## Provided material:
=== Section Start ===
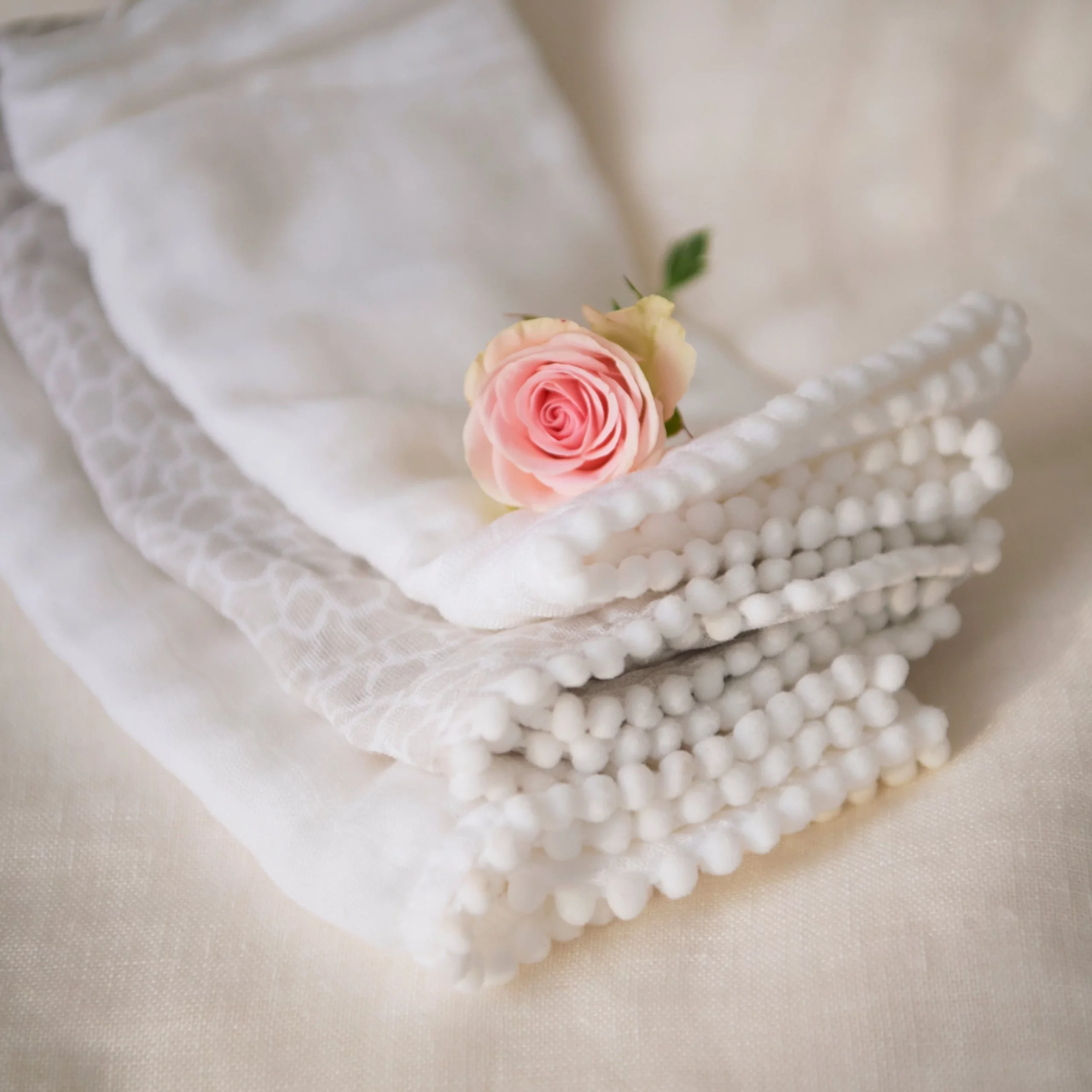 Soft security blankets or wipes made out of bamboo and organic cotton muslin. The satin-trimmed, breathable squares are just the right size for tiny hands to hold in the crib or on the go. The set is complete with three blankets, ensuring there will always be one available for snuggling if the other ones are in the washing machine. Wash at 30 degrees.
=== Section End ===
=== Section Start ===
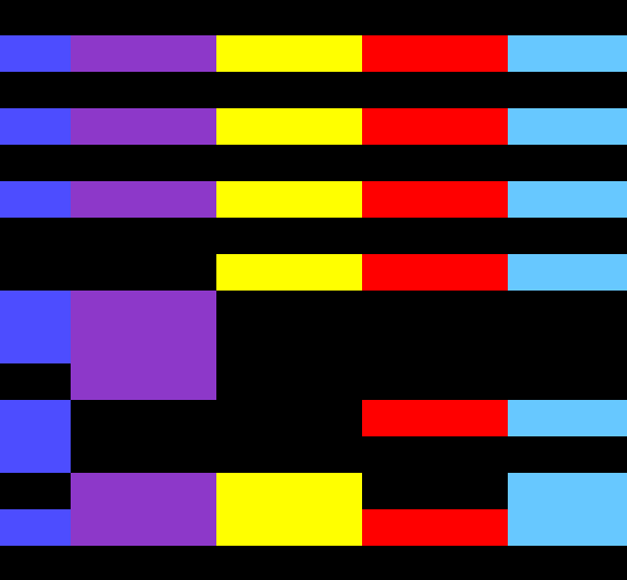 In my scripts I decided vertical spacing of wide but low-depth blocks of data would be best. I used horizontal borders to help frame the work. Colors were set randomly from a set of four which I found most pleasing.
=== Section End ===
=== Section Start ===
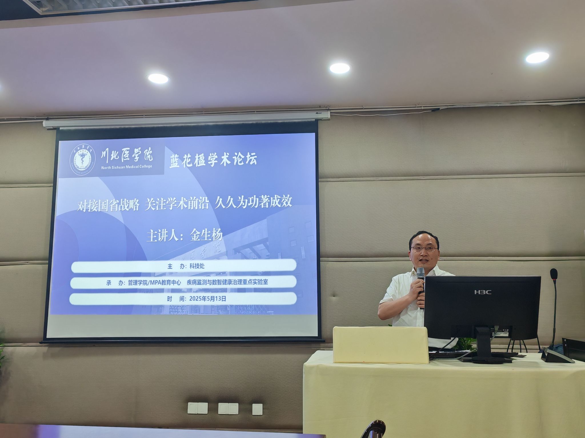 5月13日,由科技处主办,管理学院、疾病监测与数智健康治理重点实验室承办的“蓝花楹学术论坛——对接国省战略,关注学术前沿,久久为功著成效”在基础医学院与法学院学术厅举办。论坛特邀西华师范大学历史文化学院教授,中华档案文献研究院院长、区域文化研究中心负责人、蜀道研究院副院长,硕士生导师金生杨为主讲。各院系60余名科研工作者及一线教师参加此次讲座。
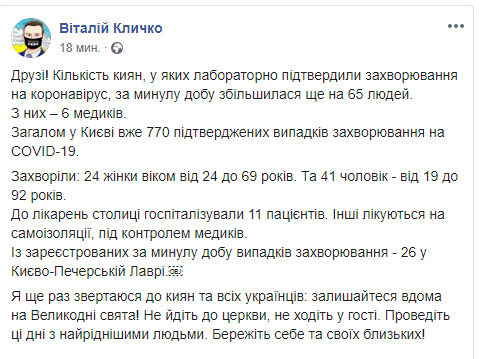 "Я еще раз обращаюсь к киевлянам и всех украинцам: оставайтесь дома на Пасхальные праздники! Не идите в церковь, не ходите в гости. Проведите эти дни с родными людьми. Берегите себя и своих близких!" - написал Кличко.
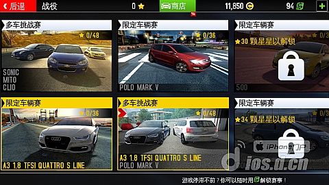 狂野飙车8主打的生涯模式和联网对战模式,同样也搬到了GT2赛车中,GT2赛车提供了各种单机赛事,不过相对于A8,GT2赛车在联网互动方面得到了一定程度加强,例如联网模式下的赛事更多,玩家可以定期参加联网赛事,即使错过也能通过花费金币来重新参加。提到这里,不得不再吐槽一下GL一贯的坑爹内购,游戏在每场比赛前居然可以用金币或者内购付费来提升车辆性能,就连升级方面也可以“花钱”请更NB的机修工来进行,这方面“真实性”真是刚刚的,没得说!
=== Section End ===
## Your objective:
Would you copy, word for word, only the lines above from the one containing "5月13日,由科技处主办,管" through the one containing "狂野飙车8主打的生涯模式和联", both included, and please leave out the pictures?

## Result for this exercise:
 5月13日,由科技处主办,管理学院、疾病监测与数智健康治理重点实验室承办的“蓝花楹学术论坛——对接国省战略,关注学术前沿,久久为功著成效”在基础医学院与法学院学术厅举办。论坛特邀西华师范大学历史文化学院教授,中华档案文献研究院院长、区域文化研究中心负责人、蜀道研究院副院长,硕士生导师金生杨为主讲。各院系60余名科研工作者及一线教师参加此次讲座。
 "Я еще раз обращаюсь к киевлянам и всех украинцам: оставайтесь дома на Пасхальные праздники! Не идите в церковь, не ходите в гости. Проведите эти дни с родными людьми. Берегите себя и своих близких!" - написал Кличко.
 狂野飙车8主打的生涯模式和联网对战模式,同样也搬到了GT2赛车中,GT2赛车提供了各种单机赛事,不过相对于A8,GT2赛车在联网互动方面得到了一定程度加强,例如联网模式下的赛事更多,玩家可以定期参加联网赛事,即使错过也能通过花费金币来重新参加。提到这里,不得不再吐槽一下GL一贯的坑爹内购,游戏在每场比赛前居然可以用金币或者内购付费来提升车辆性能,就连升级方面也可以“花钱”请更NB的机修工来进行,这方面“真实性”真是刚刚的,没得说!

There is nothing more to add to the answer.